One group that is keeping their eye on the public’s interest in "caught on tape internet video are the marketers. The activity and page view statistics of a site that hosts a controversial, shocking or buzz worthy video climb phenomenally in a very short time and more eyeballs means better CPI (cost per impression) Every advertiser dreams of their campaign going viral, being so sticky that the public themselves become the evangelists spreading word about the video to friends. It becomes news and is no longer advertising. Most of the advertisers exploring the viability of staged events are those brands that cater to a younger more tech savvy demographic. Among this demo, staged events and unconventional guerilla promotional tactics are gaining in popularity because young people are more immune to the traditional ways of marketing. Just posting a regular ad on the net is not going to cut it with your average 16 year old anymore. You need a gimmick, a twist, a hook. Take Diesel for example which launched their intimates underwear line a couple of months ago by having two girls (The Heidi’s) steal the entire collection, kidnap a sales associate and then hold him hostage in a hotel room until their demands were met. They made and streamed a ransom video and the site diesel.com received thousands of hits, people were hooked. It was a genius marketing ploy but as successfully executed as it was, the same stunt could not work as well the next time around because the novelty is gone. So marketers are constantly being challenged to find another hook another gimmick. Question is where do they finally draw the line? Do we at some point require they post a disclaimer stating "This is staged not real or "Do not try this at home folks? But to have such a warning defeats the very purpose of blurring the line between the real and the unreal.
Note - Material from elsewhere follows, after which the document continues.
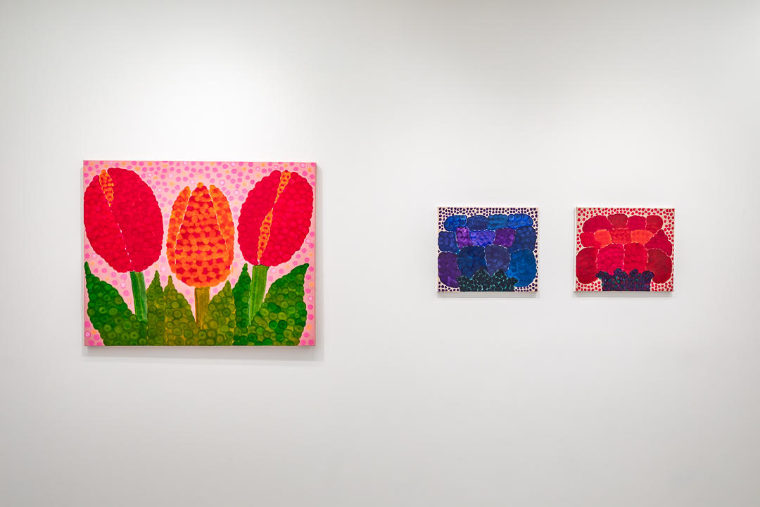 前期「点々(てんてん)」では、以前より彼女の制作の中で最も重要である点を置くという行為の中で生まれた「花」の作品群を発表させていただきます。
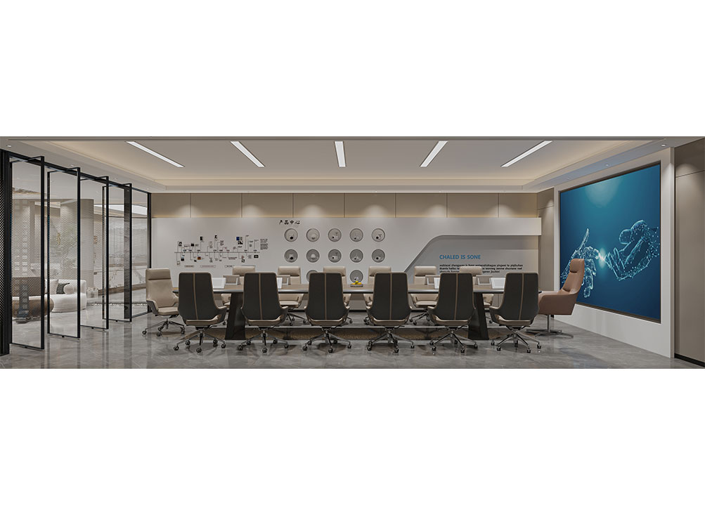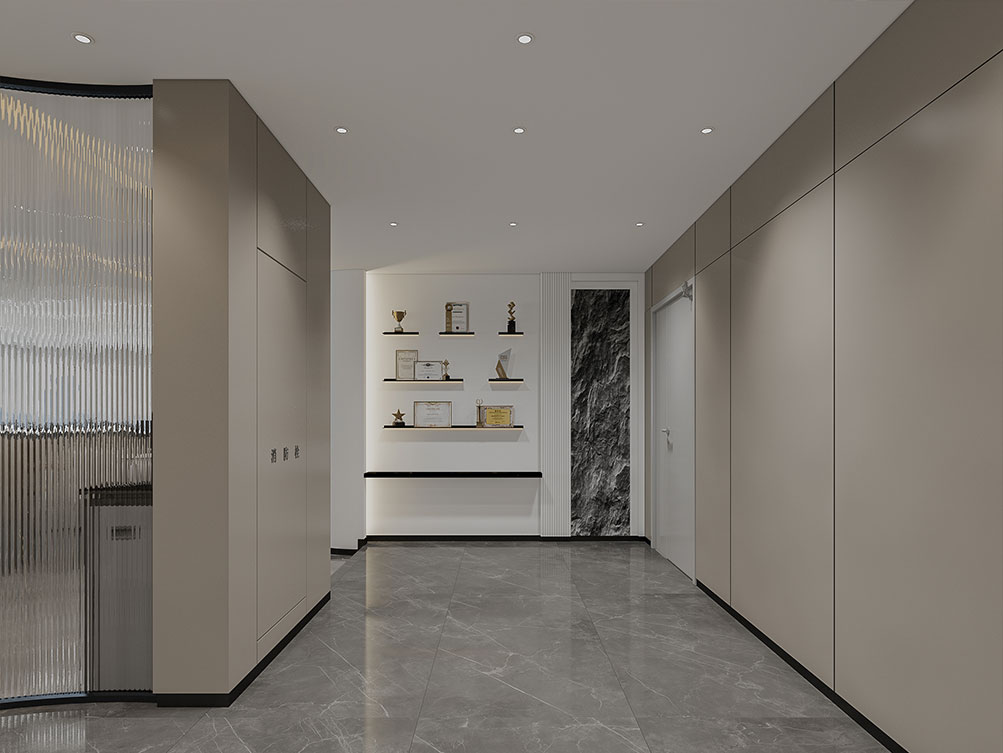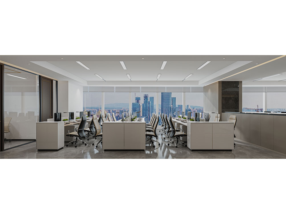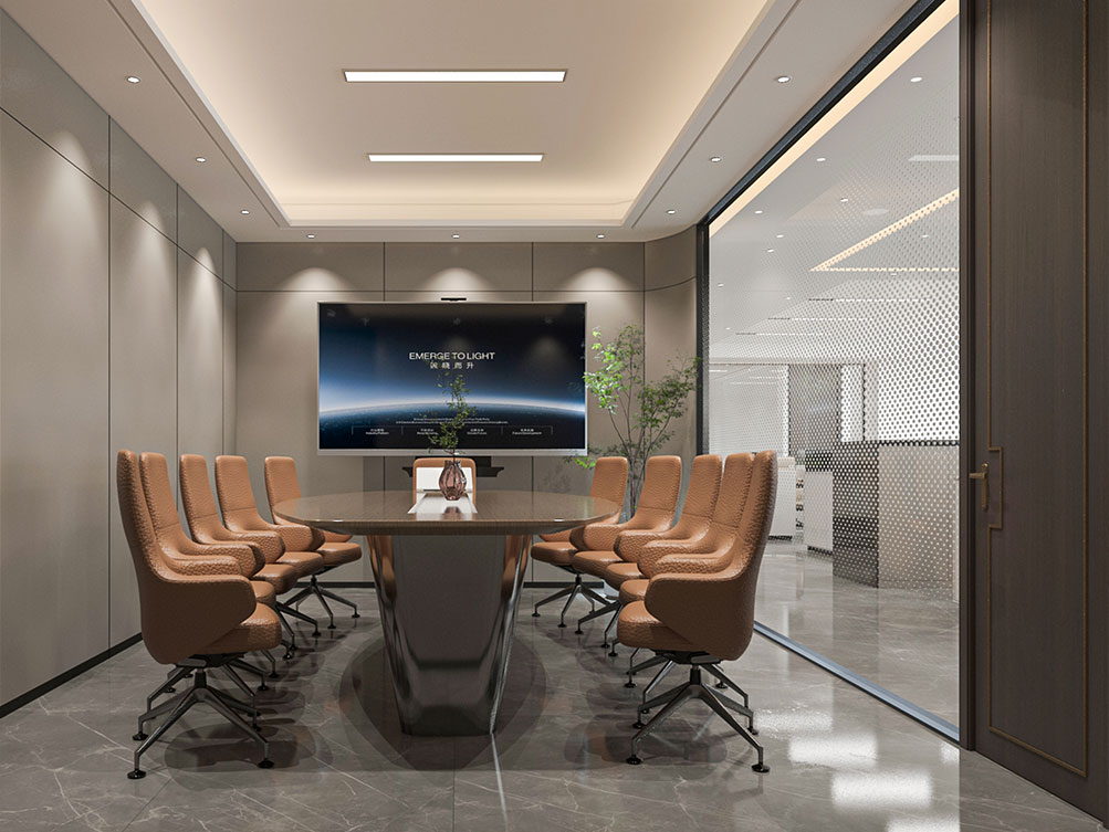 風(fēng)順集團(tuán)裝修效果以 “大氣沉穩(wěn) + 現(xiàn)代高效” 為核心,整體采用深灰、米白為主色調(diào)搭配金屬線條點(diǎn)綴,凸顯企業(yè)質(zhì)感。前臺(tái)接待區(qū)用大理石背景墻嵌入集團(tuán) LOGO,搭配簡(jiǎn)約大氣的接待臺(tái)與藝術(shù)擺件,營(yíng)造專(zhuān)業(yè)第一印象;濟(jì)南辦公室裝修為開(kāi)放辦公區(qū)采用模塊化工位設(shè)計(jì),配備獨(dú)立收納與人體工學(xué)座椅,墻面穿插集團(tuán)發(fā)展歷程掛畫(huà)與綠植,兼顧高效與舒適;會(huì)議室按規(guī)模配置高清會(huì)議系統(tǒng)與吸音材質(zhì),滿足不同商務(wù)需求;同時(shí)預(yù)留休閑茶水區(qū)與榮譽(yù)展示墻,既方便員工放松,也直觀傳遞企業(yè)實(shí)力,整體空間兼具品牌形象與實(shí)用功能。

Being an off the wall guy I champion cool, edgy and avant- garde expressions of creativity and personally loved the Diesel campaign. But then I am less likely to believe what is forwarded into my inbox. In our overloaded, over connected culture we are so hungry for information that most of us digest the fiction along with fact. People forget that when you see something on the news it has been vetted by editors, fact checkers, sometimes even lawyers before it is broadcast. There is no such verification process for the videos we see on the net. We assume that someone would have said something if the video was a fake but everyone is in such a rush to pass it on that we do not stop and subject this stuff to scrutiny. Later when the truth does come out we are embarrassed and justifiably angry but quickly forget and more on to the next titillating video drama that pops onto our monitor. The danger lies not only in our inability to differentiate between what is real and what is not but also in the very real possibility of our becoming so tolerant of fake staged events that when something real does happen we miss it. How many times can you cry wolf and still have them believe you?